# WHAT YOU ARE ASKED TO DO
Repeat the data that follows exactly, starting at the line with "Aus einer Sammlungsauflösung" and ending at the line with "5月26日,施工队在疏浚平陆", and leave out every picture.

# MATERIAL TO PROCESS
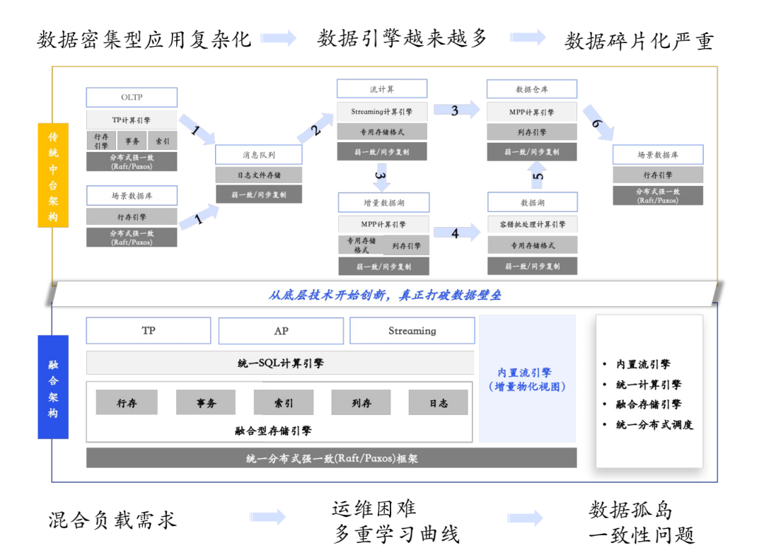 拿一个典型的融合型场景为例,一款股票 APP 本身是交易系统,所以它需要一个 OLTP 数据库做支撑,但是用户又希望其提供股市的预测和分析,这里自然就出现了对 OLAP 系统的需求,即在做大规模交易的同时,还需要基于交易数据和用户行为数据进行分析建模。
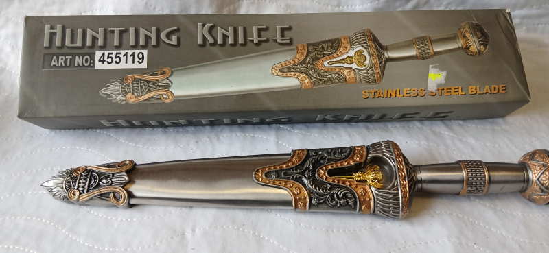 Aus einer Sammlungsauflösung wird ein Messer Hunting Knife von Linder angeboten. Zustand neu , ungeschliffen , Klingenlänge ca.50 cm , Stainless Steel Blade . Der Verkauf erfolgt von Privat ohne Garantie/Gewährleistung und Rücknahme.
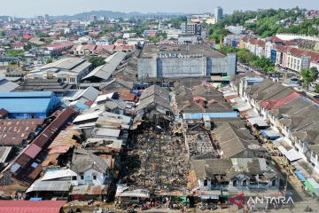 Foto udara lokasi kebakaran di Pasar Segiri, Samarinda, Kalimantan Timur, Kamis (26/3/2026). Kebakaran tersebut mengakibatkan sedikitnya 44 bangunan yang terdiri dari 20 petak kios dan 24 rumah toko ludes terbakar. ANTARA FOTO/M Risyal Hidayat/bar
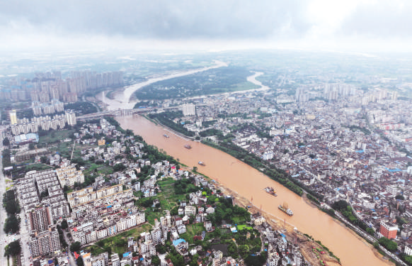 5月26日,施工队在疏浚平陆运河流经钦州市区的航道。近日,广西平陆运河建设施工队伍抢在汛期来临前,开展拆除钦江江面老桥、疏浚河道等工作。新华社记者
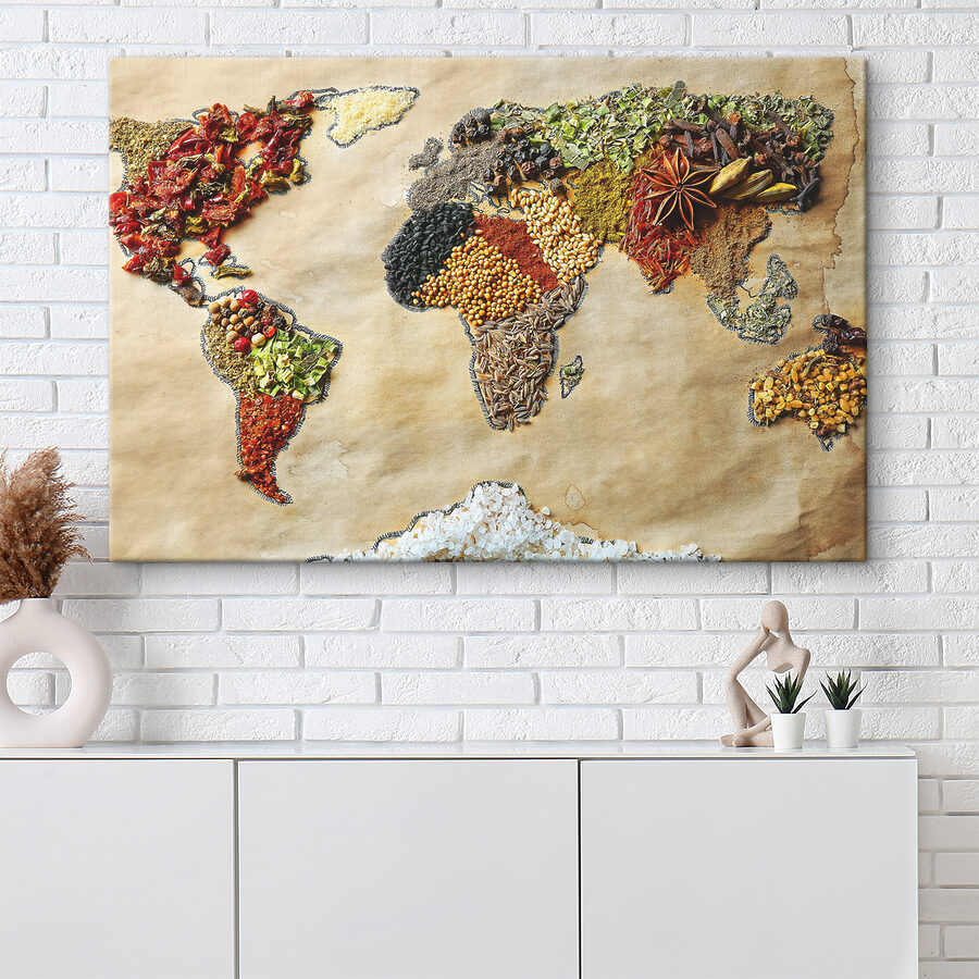 Hallo, liebe Deko-Fans! Seht euch diesen tollen Leinwanddruck “Map of the World Made of Spices” an. Ein echter Gesprächsanlass! Stellen Sie sich das Bild in Ihrer Küche oder Ihrem Esszimmer vor – jedes Mal, wenn Sie es betrachten, ist es wie ein globales kulinarisches Abenteuer. Jeder Kontinent besteht aus verschiedenen Gewürzen, Texturen und Farben. Da fragt man sich doch, wie jedes Gewürz riecht und schmeckt, oder?

# RESULT OF THIS TASK
 Aus einer Sammlungsauflösung wird ein Messer Hunting Knife von Linder angeboten. Zustand neu , ungeschliffen , Klingenlänge ca.50 cm , Stainless Steel Blade . Der Verkauf erfolgt von Privat ohne Garantie/Gewährleistung und Rücknahme.
 Foto udara lokasi kebakaran di Pasar Segiri, Samarinda, Kalimantan Timur, Kamis (26/3/2026). Kebakaran tersebut mengakibatkan sedikitnya 44 bangunan yang terdiri dari 20 petak kios dan 24 rumah toko ludes terbakar. ANTARA FOTO/M Risyal Hidayat/bar
 5月26日,施工队在疏浚平陆运河流经钦州市区的航道。近日,广西平陆运河建设施工队伍抢在汛期来临前,开展拆除钦江江面老桥、疏浚河道等工作。新华社记者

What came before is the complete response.